* [Exercise instructions]
The data below should be restated word for word, with every picture omitted.

(Dataset items)
_ _ _ _ _ _ _
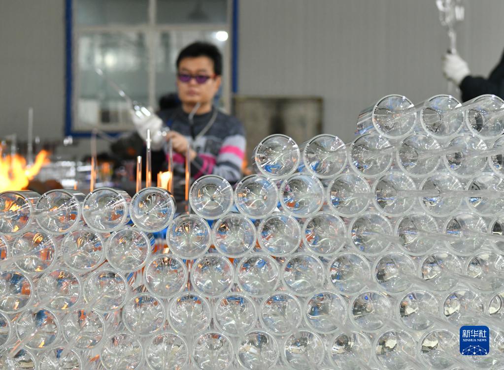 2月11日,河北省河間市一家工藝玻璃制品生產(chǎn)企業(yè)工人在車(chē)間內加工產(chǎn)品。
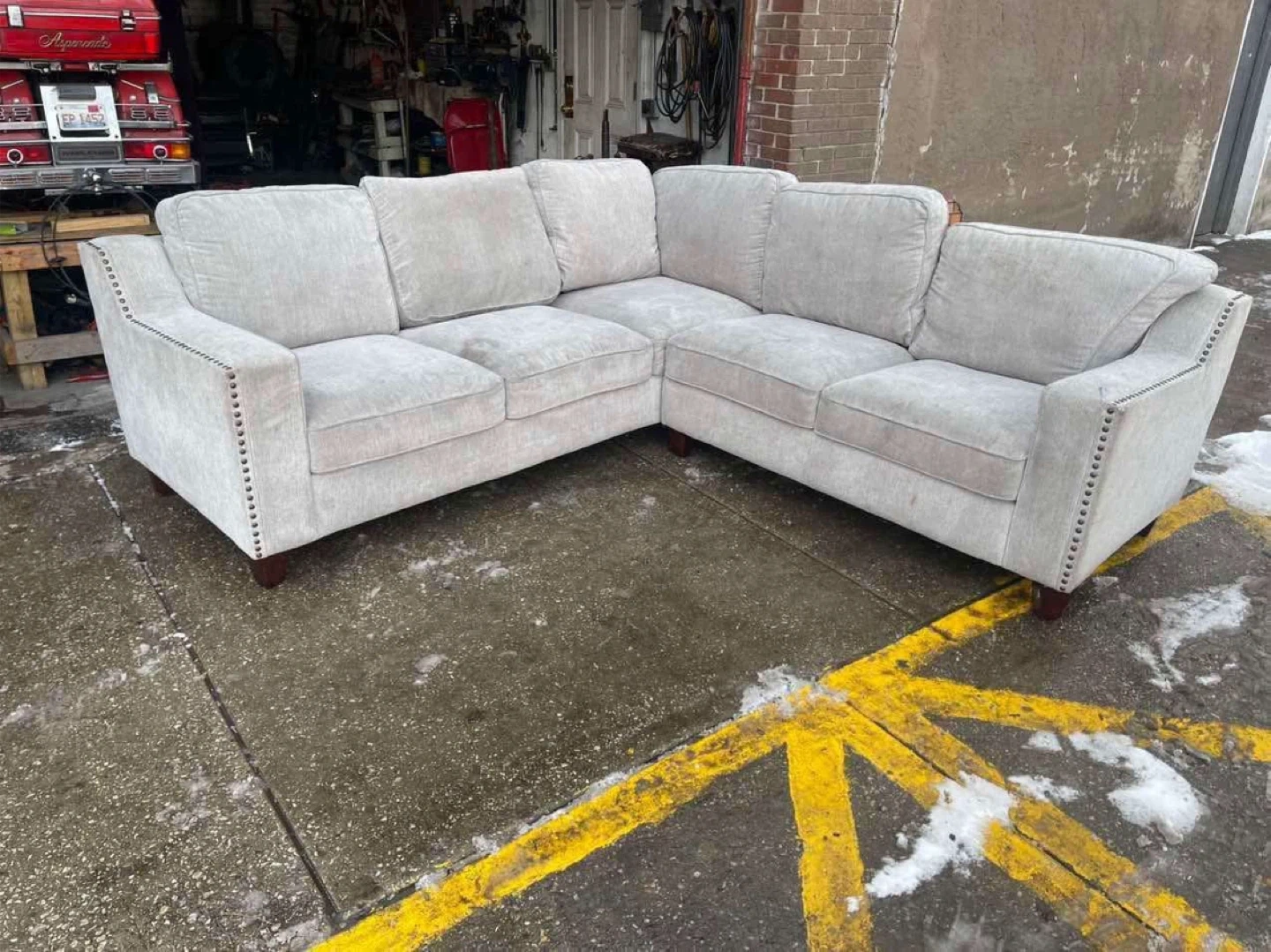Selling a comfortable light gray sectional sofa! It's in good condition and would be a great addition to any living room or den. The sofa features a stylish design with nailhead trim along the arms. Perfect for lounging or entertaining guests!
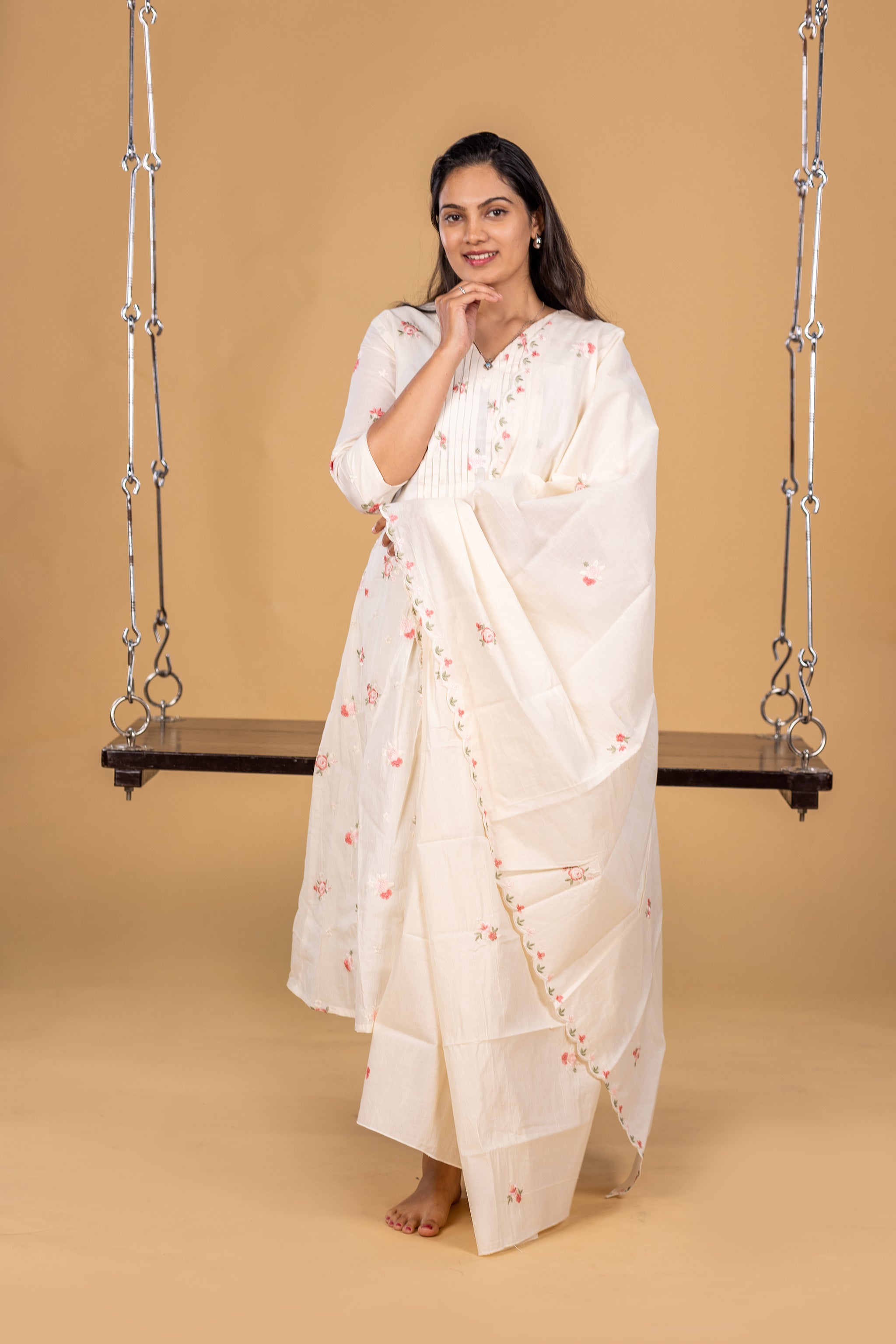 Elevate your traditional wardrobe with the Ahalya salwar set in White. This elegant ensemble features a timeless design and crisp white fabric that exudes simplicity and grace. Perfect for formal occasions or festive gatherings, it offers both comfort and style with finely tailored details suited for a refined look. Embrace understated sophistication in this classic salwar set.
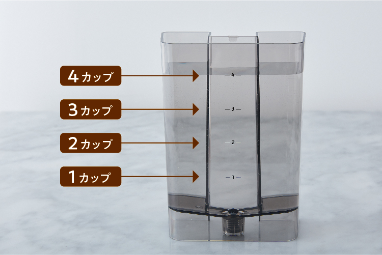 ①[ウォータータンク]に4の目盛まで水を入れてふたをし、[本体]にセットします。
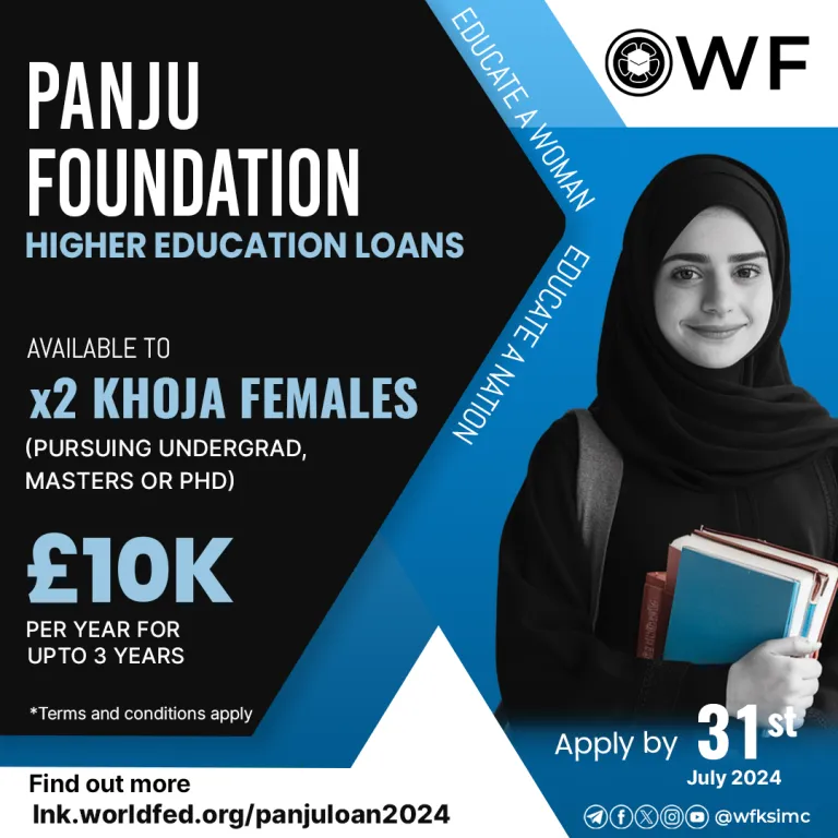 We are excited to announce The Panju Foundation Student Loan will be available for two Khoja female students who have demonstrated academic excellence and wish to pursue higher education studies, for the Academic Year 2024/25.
_ _ _ _ _ _ _
* [Task result]
 2月11日,河北省河間市一家工藝玻璃制品生產(chǎn)企業(yè)工人在車(chē)間內加工產(chǎn)品。
Selling a comfortable light gray sectional sofa! It's in good condition and would be a great addition to any living room or den. The sofa features a stylish design with nailhead trim along the arms. Perfect for lounging or entertaining guests!
 Elevate your traditional wardrobe with the Ahalya salwar set in White. This elegant ensemble features a timeless design and crisp white fabric that exudes simplicity and grace. Perfect for formal occasions or festive gatherings, it offers both comfort and style with finely tailored details suited for a refined look. Embrace understated sophistication in this classic salwar set.
 ①[ウォータータンク]に4の目盛まで水を入れてふたをし、[本体]にセットします。
 We are excited to announce The Panju Foundation Student Loan will be available for two Khoja female students who have demonstrated academic excellence and wish to pursue higher education studies, for the Academic Year 2024/25.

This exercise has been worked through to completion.